Author: David G. Owen
Publisher:
Published: 1995
Total Pages: 528
ISBN-13: 019825847X
DOWNLOAD EBOOKThis exceptional collection of twenty-two essays on the philosophical fundamentals of tort law assembles many of the world's leading commentators on this particularly fascinating conjunction of law and philosophy. The contributions range broadly, from inquiries into how tort law derives fromAristotle, Aquinas, and Kant to the latest economic and rights-based theories of legal reponsibility. This is truly a multi-national production, with contributions from several distinguished Oxford scholars of law and philosophy and many prominent scholars from the United States, Canada, and Israel.A provocative closing essay by one of the world's leading moral philosophers illuminates how tort law enables philosophers to observe the abstract theories of their discipline put to the concrete test in the legal resolution of real-world controversies based on principles of right and wrong.
Author: Peter Cane
Publisher:
Published: 2006
Total Pages: 514
ISBN-13: 9780511556630
DOWNLOAD EBOOKA classic treatment of the law relating to compensation for personal injuries, this edition discusses the relevant legal rules as well as the social, political and economic issues underlying the law.
Author: Ernest J. Weinrib
Publisher: Oxford University Press
Published: 2012-09-20
Total Pages: 365
ISBN-13: 0199660646
DOWNLOAD EBOOKPrivate law governs our most pervasive relationships: the wrongs we do one another, the contracts we make and break, and the property we own.

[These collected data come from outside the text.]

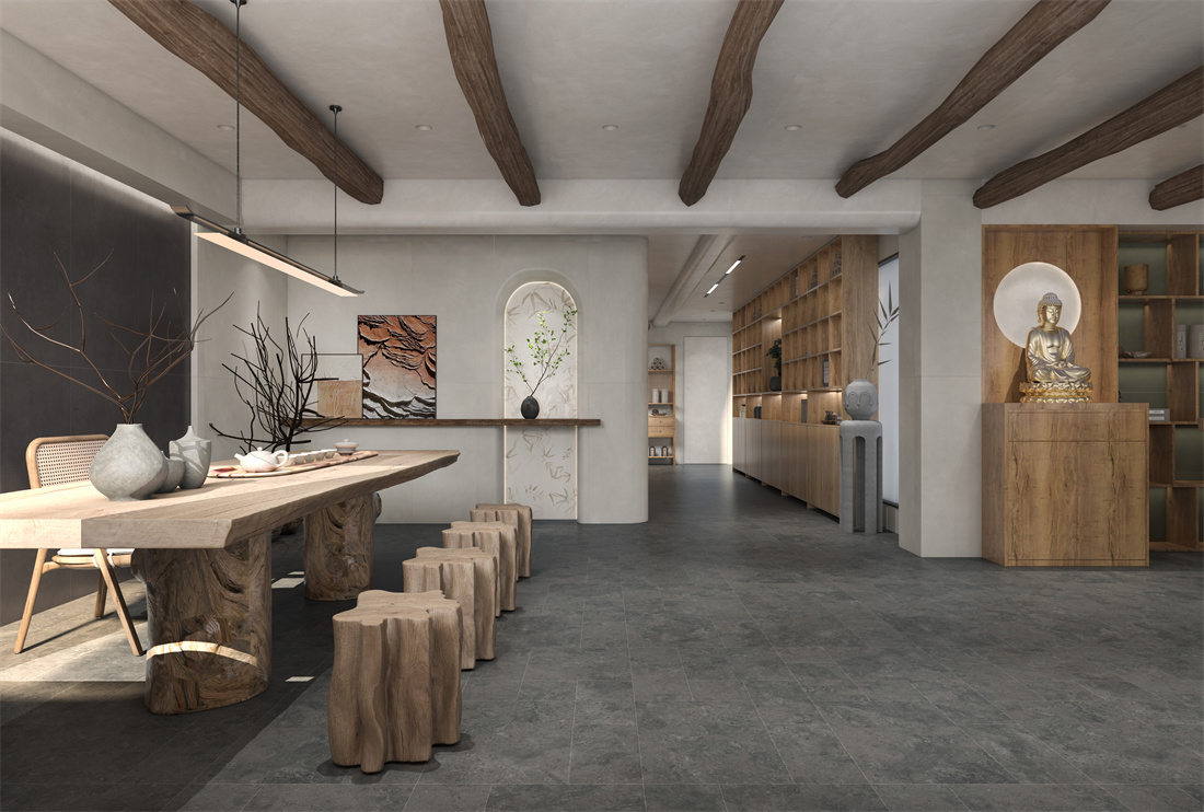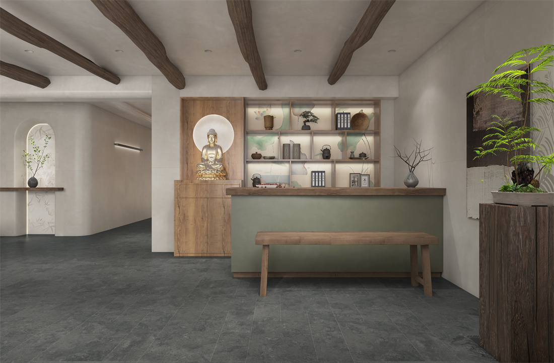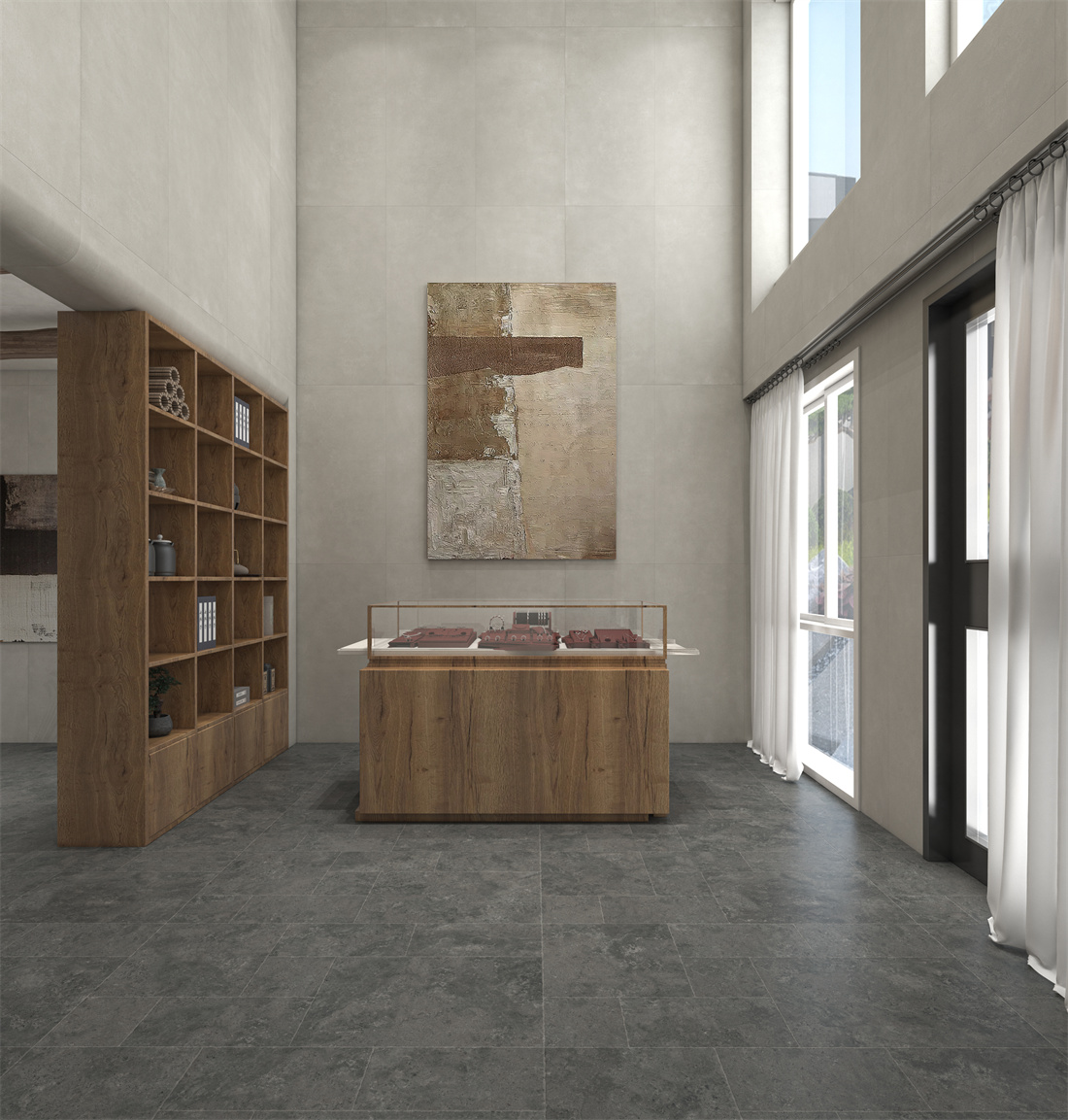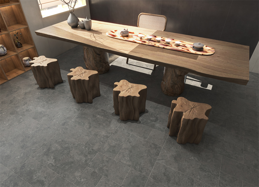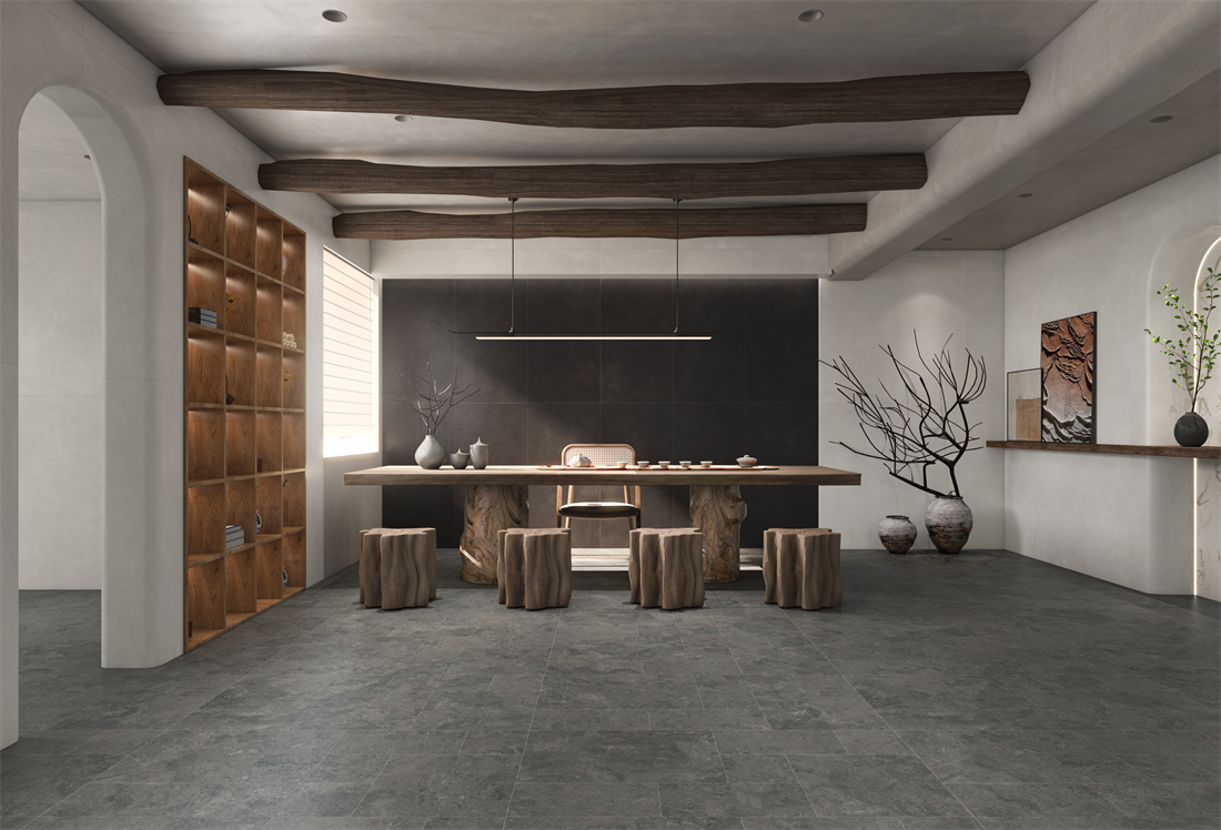 深灰色仿石質感,紋理深邃而富有變化。猶如雨后的巴黎石板路,營造出沉靜內斂的現代空間。
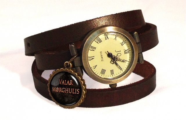Zegarek ze skórzanym paskiem kilkakrotnie zakręcanym na ręku z ręcznie robioną zawieszką (kaboszonem).
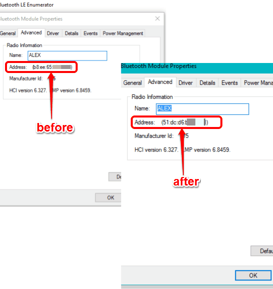 bluetooth MAC address before and after
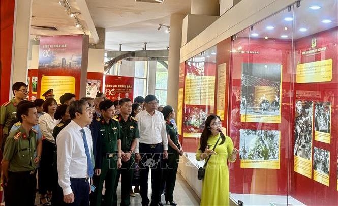 | Khách tham quan Trưng bày chuyên đề “Công an nhân dân - 80 năm khắc ghi lời Bác”. |
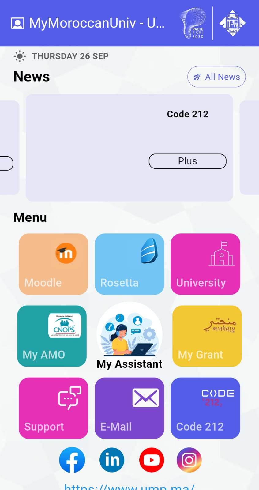 Dans le cadre de PACTESRI, nous sommes heureux de vous annoncer le lancement de notre nouvelle application mobile nationale MyMoroccanUniv, développée par le Ministère de l’Enseignement Supérieur, de la Recherche Scientifique et de l’Innovation, en collaboration avec les universités marocaines. Cette application est conçue pour faciliter votre expérience académique et administrative, et est actuellement disponible au téléchargement pour les utilisateurs Android. Les utilisateurs iOS seront informés de sa disponibilité très prochainement.
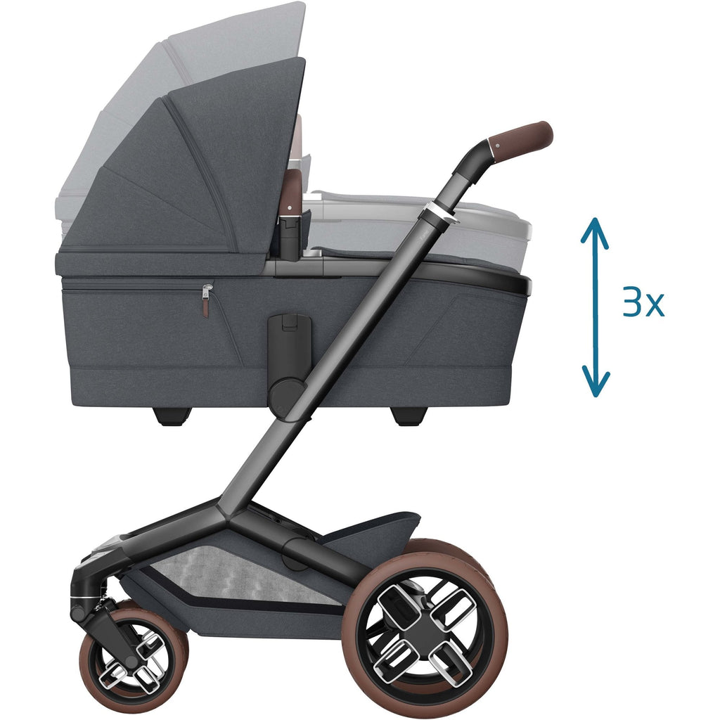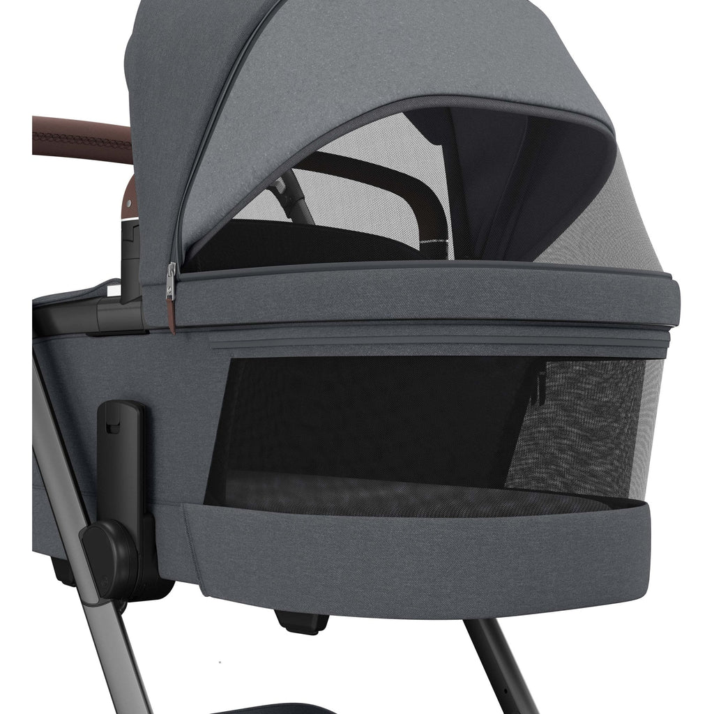 Maxi-Cosi’s Fame carrycot offers luxurious comfort for both baby and parent. A wide, spacious carrycot with a reversible, breathable memory foam mattress and ventilation window, will ensure your newborn is always at a comfortable temperature and experiencing the very best sleep comfort. Designed with an integrated SoothingSlope, you simply pull a strap to gently raise your baby into an inclined sleeping position to minimise any reflux. For taller (or smaller) Mums and Dads, the Close2Me adjustable carrycot moves up or down, to ensure you never have backache while placing your baby in and out.

This book analyses the deepest questions about the law's foundations, showing how a distinctive notion of justice, 'corrective justice', describes the special morality intrinsic to private law.
Author: Arthur Ripstein
Publisher: Harvard University Press
Published: 2016-04-05
Total Pages: 328
ISBN-13: 0674659805
DOWNLOAD EBOOKChapter 8. Remedies, Part 1: As If It Had Never Happened -- Chapter 9. Remedies, Part 2: Before a Court -- Chapter 10. Conclusion: Horizontal and Vertical -- Index
Author: Martha Chamallas
Publisher: NYU Press
Published: 2010-05-31
Total Pages: 240
ISBN-13: 0814716768
DOWNLOAD EBOOK""This book asks important questions about the tort system. Tort law is largely taught and described from a doctrinal perspective that makes no attempt to see how it is actualy working on the ground. This book assesses how the tort system fares in operation by examining how race and gender influence court decisions in torts cases. A promising direction for scholarship on the tort system.""--BOOK JACKET.